**Dataset extract**
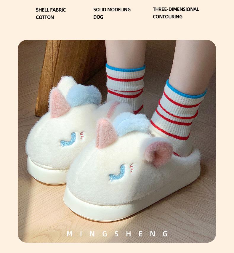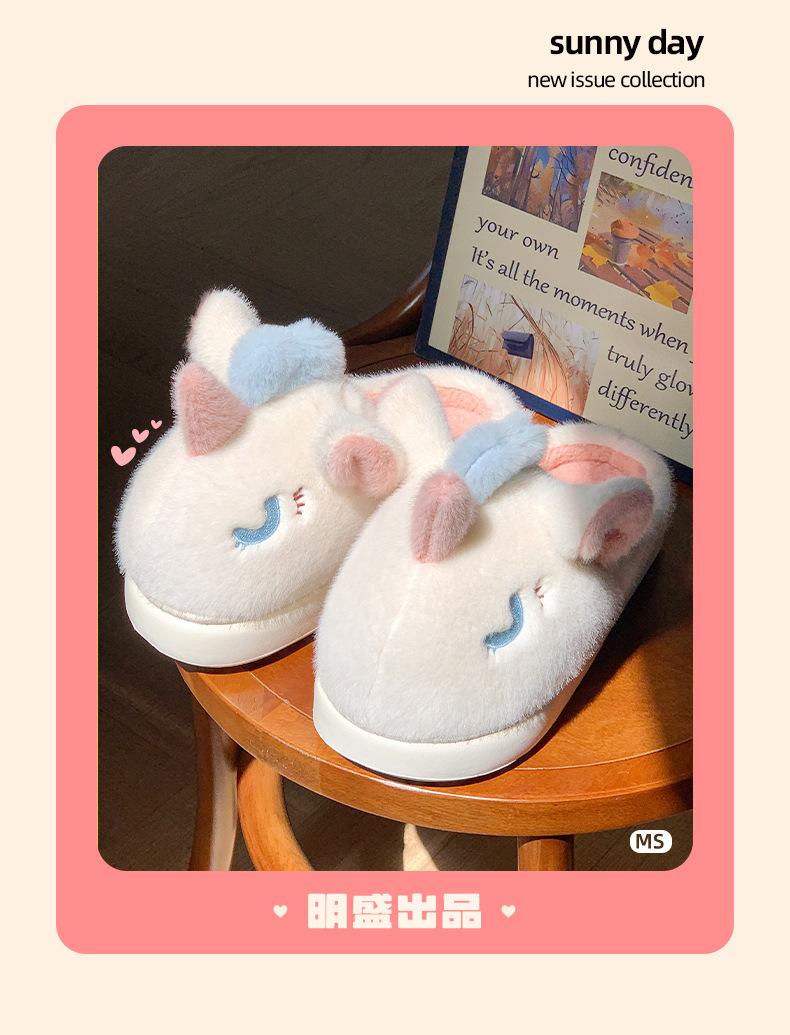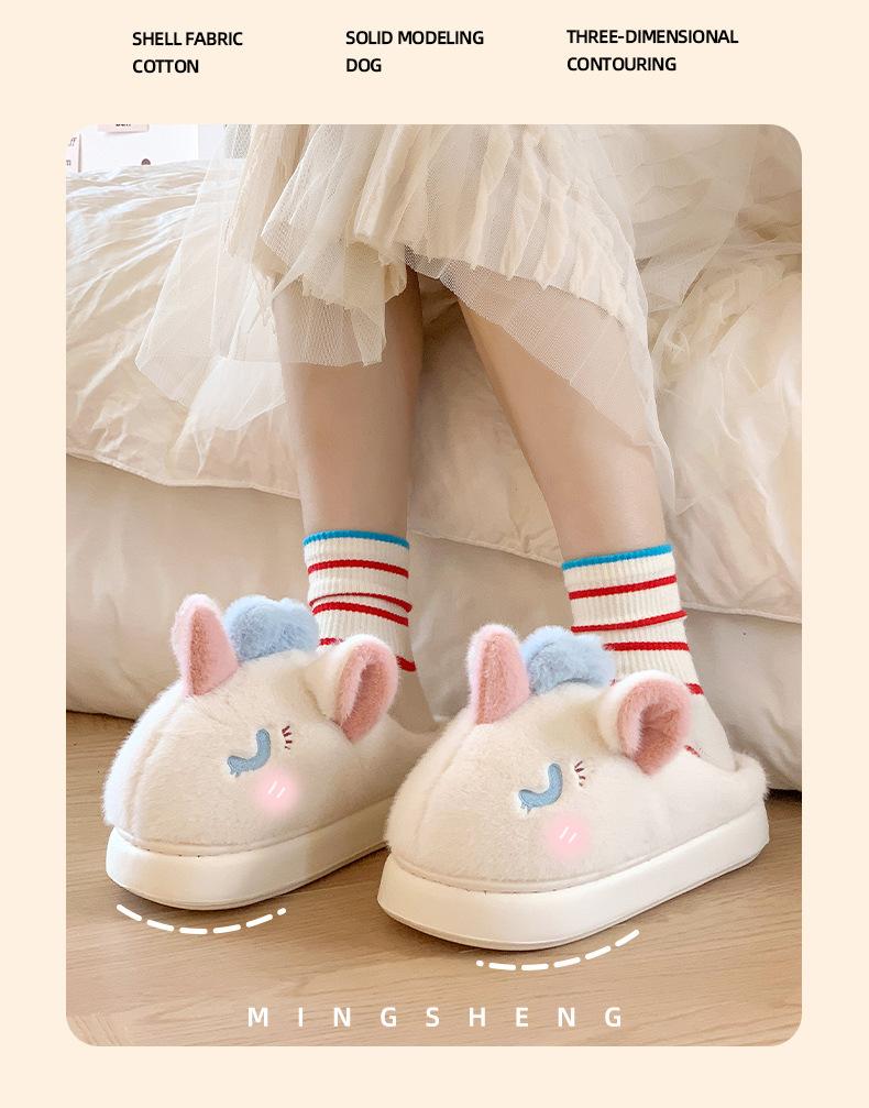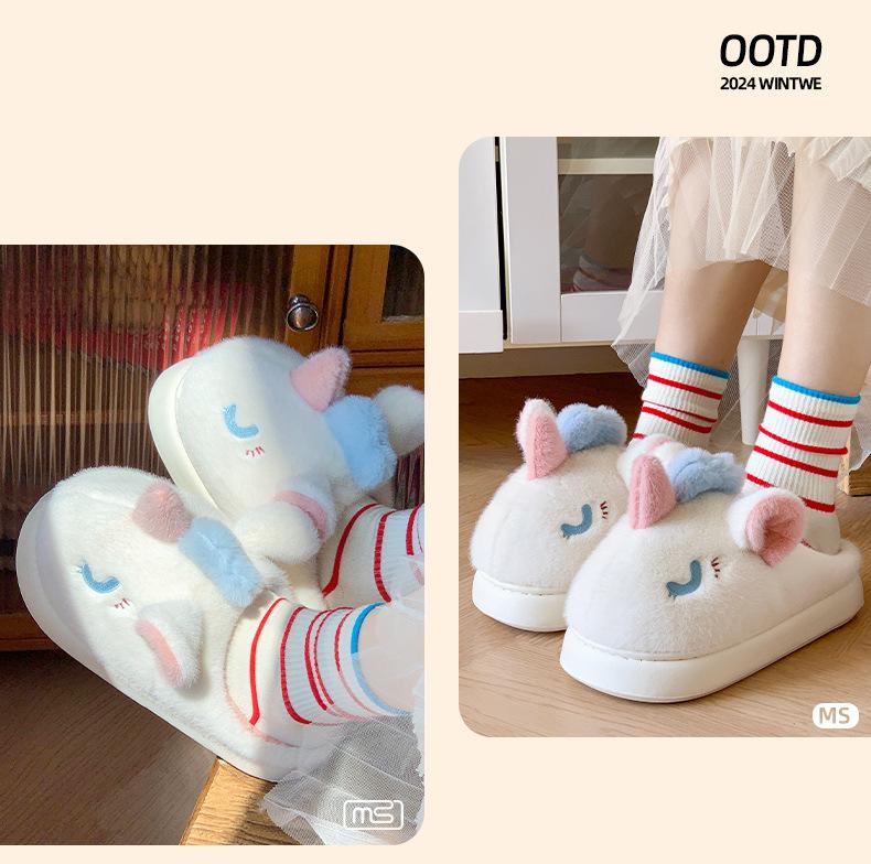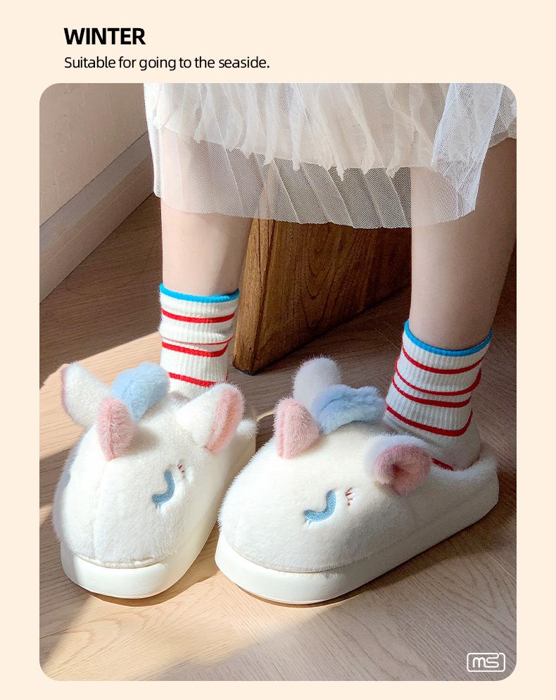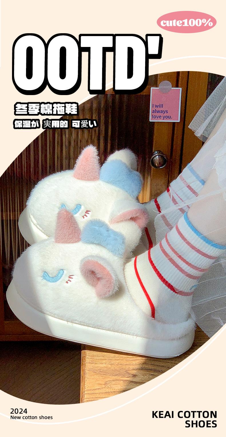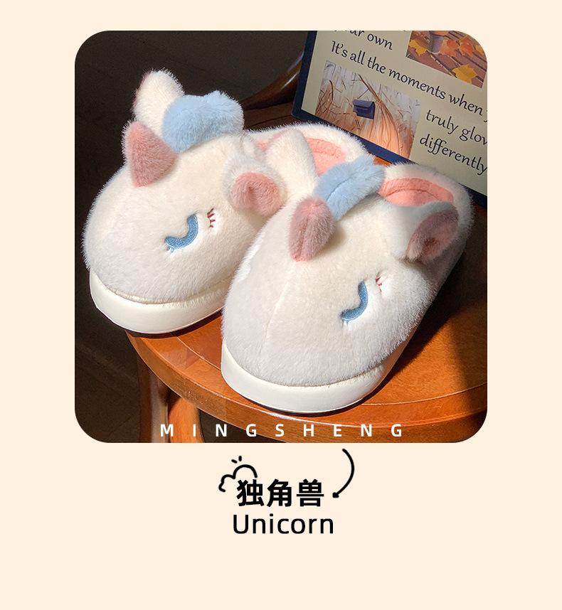 Pantuflas de Algodón de Unicornio para Mujer Otoño/Invierno Cubiertas del Talón para Exterior 2025 Nuevas para Casa Cálidas Esponjosas de Felpa Zapatos de Maternidad para Mujer
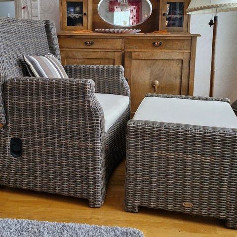 Ruskea rottinkinen sohva kahdelle. Ehjä, mutta säilytetty avoparvekkeella (jossa myös nyt talvella), joten tarvitsee kunnon puhdistusta ja ehkä jonkunlaista huoltoa. Sohvassa on kaareva selkänoja ja käsinojat sekä tiheä punosistuinosuus. Selkänojassa on koristeellinen avopunos, joka keventää ilmettä. Myynnissä muuton alta. Superedullisesti.
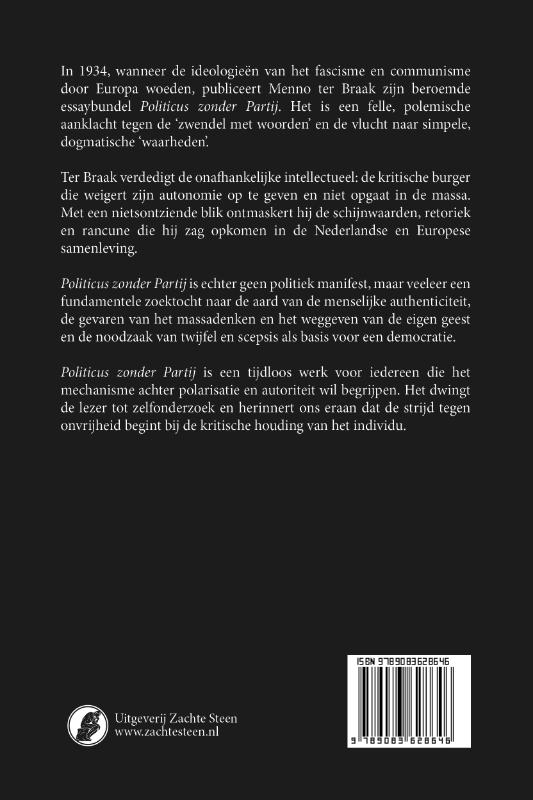 In 1934, wanneer de ideologieën van het fascisme en communisme door Europa woeden, publiceert Menno ter Braak zijn beroemde essaybundel Politicus zonder Partij. Het is een felle, polemische aanklacht tegen de 'zwendel met woorden' en de vlucht naar simpele, dogmatische ‘waarheden’. Ter Braak verdedigt de onafhankelijke intellectueel: de kritische burger die weigert zijn autonomie op te geven en niet opgaat in de massa. Met een nietsontziende blik ontmaskert hij de schijnwaarden, retoriek en rancune die hij zag opkomen in de Nederlandse en Europese samenleving. Politicus zonder Partij is echter geen politiek manifest, maar veeleer een fundamentele zoektocht naar de aard van de menselijke authenticiteit, de gevaren van het massadenken en het weggeven van de eigen geest en de noodzaak van twijfel en scepsis als basis voor een democratie. Politicus zonder partij is een tijdloos werk voor iedereen die het mechanisme achter polarisatie en autoriteit wil begrijpen. Het dwingt de lezer tot zelfonderzoek en herinnert ons eraan dat de strijd tegen onvrijheid begint bij de kritische houding van het individu.
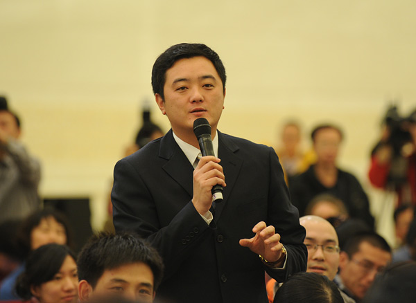 2011年3月4日11時(shí),十一屆全國(guó)人大四次會(huì)議新聞發(fā)布會(huì)在人民大會(huì)堂三層金色大廳舉行,大會(huì)發(fā)言人介紹會(huì)議情況,并回答記者的提問(wèn)。圖為中央電視臺(tái)和中國(guó)網(wǎng)絡(luò)電視臺(tái)記者提問(wèn)。翟子赫 攝

**Aim of the exercise**
Beginning at the first line of the listing, print each line exactly until and including the one that has "Ruskea rottinkinen sohva"; skip pictures.

**Answer to the exercise**
 Pantuflas de Algodón de Unicornio para Mujer Otoño/Invierno Cubiertas del Talón para Exterior 2025 Nuevas para Casa Cálidas Esponjosas de Felpa Zapatos de Maternidad para Mujer
 Ruskea rottinkinen sohva kahdelle. Ehjä, mutta säilytetty avoparvekkeella (jossa myös nyt talvella), joten tarvitsee kunnon puhdistusta ja ehkä jonkunlaista huoltoa. Sohvassa on kaareva selkänoja ja käsinojat sekä tiheä punosistuinosuus. Selkänojassa on koristeellinen avopunos, joka keventää ilmettä. Myynnissä muuton alta. Superedullisesti.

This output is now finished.